Sage
- Author: Marilyn Chin
- Genre: Poetry
- Publisher: W. W. Norton & Company
- Publication date: May 2, 2023
- Pages: 110
- ISBN: 978-1-324-05015-5

= Sage (poetry collection) =

Poetry collection by Marilyn Chin

Sage is a 2023 poetry collection by Marilyn Chin, published by W. W. Norton & Company.

== Form ==
Chin's sixth collection addresses a litany of issues including the COVID-19 pandemic, the concurrent rise in violence against Asian Americans, and the means of social justice through forms like ranging from ekphrasis to satire.

In an interview with the Poetry Society of America, Chin described the collection as "peopled with strong female voices — from a Yuan Dynasty poetess who was ransomed by a 'barbarian king,' to suffragettes who marched to the U.S. capitol." In Poetry International Online, she discussed the book's experimentation with form, as well as the influence of both classical Chinese poetry and hip-hop.

In the Oxford Review of Books, Chin described her poetics as inseparable from her identity, saying "my skin colour, my biology, my experience as a minority person bullied by the dominant society—all are integral to the work."

== Critical reception ==
Literary Hub called the book a "sharp-witted and fresh sixth collection" that "speaks to the current moment with the gravitas, humor, and bite missing from many a pandemic-born collection."

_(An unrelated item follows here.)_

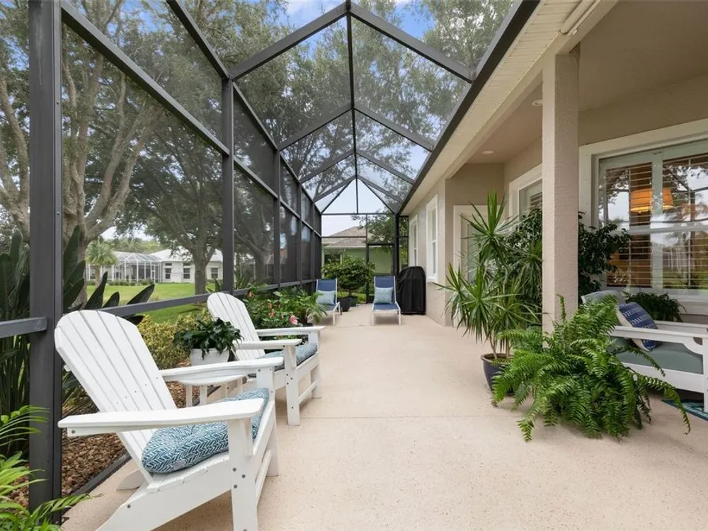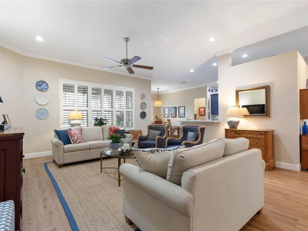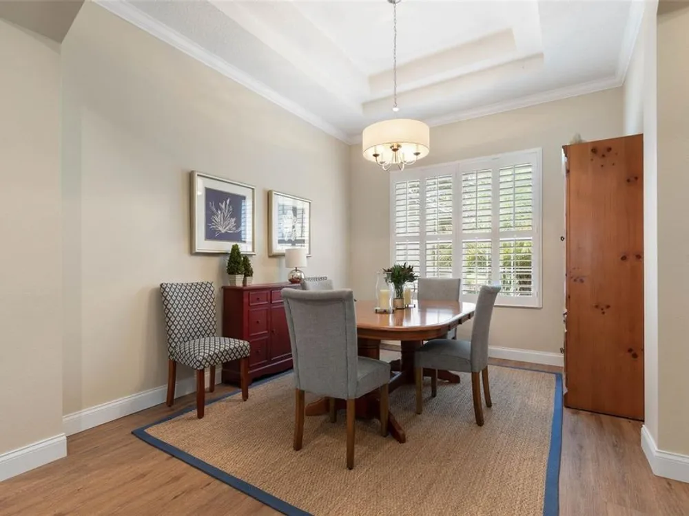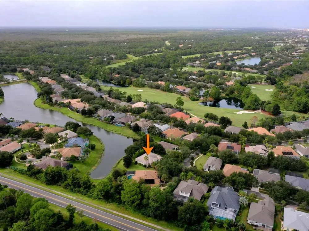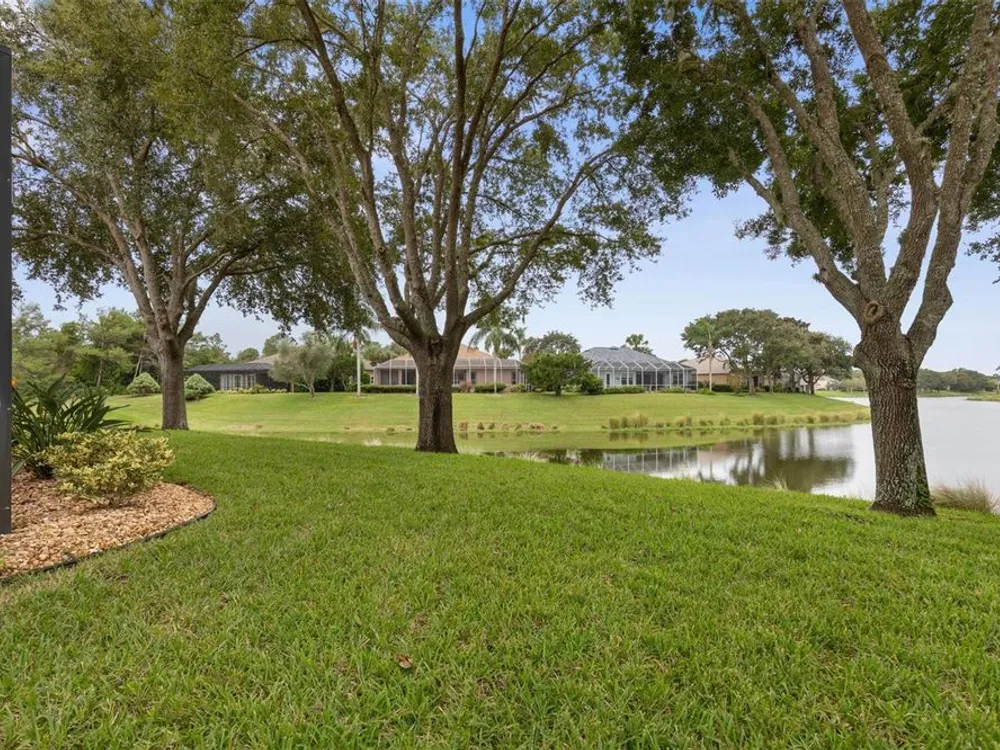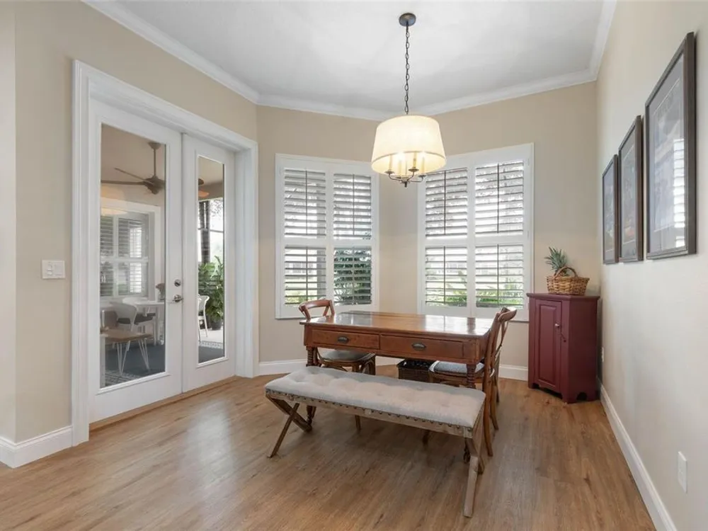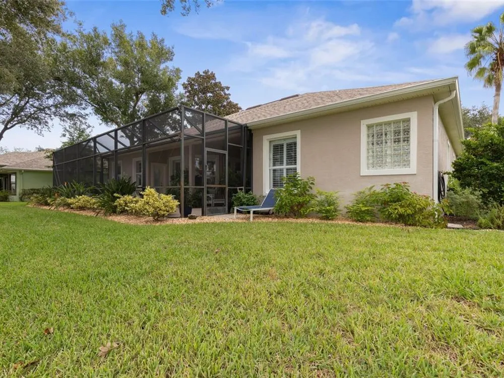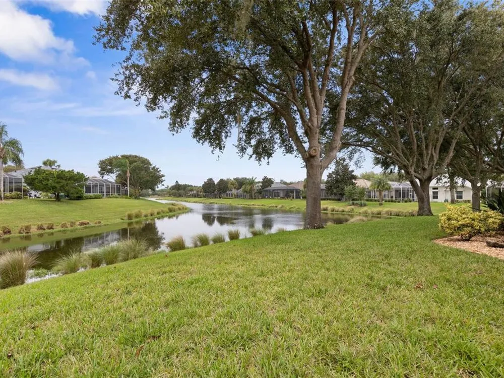 Welcome to this beautifully updated three bedroom, two bath home, 3 car tandem garage with a breathtaking pond/lake view. This home is located in the sought after Grand Havenn golf community. Designed to impress, this residence offers modern upgrades and stylist finishes throughout. Step inside the front door and you will find a light filled open floor plan. A formal living room and dining room off the foyer with a large gathering room. The open floor plan features luxury vinyl flooring, a designer kitchen with beautiful blue cabinets and perfectly curated decor. You feel like you have entered a model home but better. The kitchen has stainless steel applicences, a walk in pantry, bar height counter tops and plenty of storage The breakfast room has a wonderful view of the lake and access to the lanai. The primary bedroom boosts a large walk in closet and a extra space for perhaps an office, exercise area or reading nook. The other two bedrooms and guest bath are spacious. The bathrooms and kitchen were recently remodeled, plantation shutters added, roof, water filtration system, painted garage floor, paver driveway and sidewalk and new screen for lanai. Enjoy peaceful evenings from your patio overlooking the serene lake, all while living in a secure, gated community known for its charm and amenities. This is more than a home. I know you will fall in love with it the moment you step through the door.

Alta Journal praised Chin for "bend[ing] the rules to her advantage," specifically lauding her poetic subjects "about identity, life, death, conflict, and art."

The Rocky Mountain Review stated, "Tapping into her scholarship and knowledge of Chinese and Japanese poetry, Chin dazzles her readers with her ability to draw upon diverse traditions" and observed Chin's use of ancient religion and spirituality to interrogate questions about womanhood.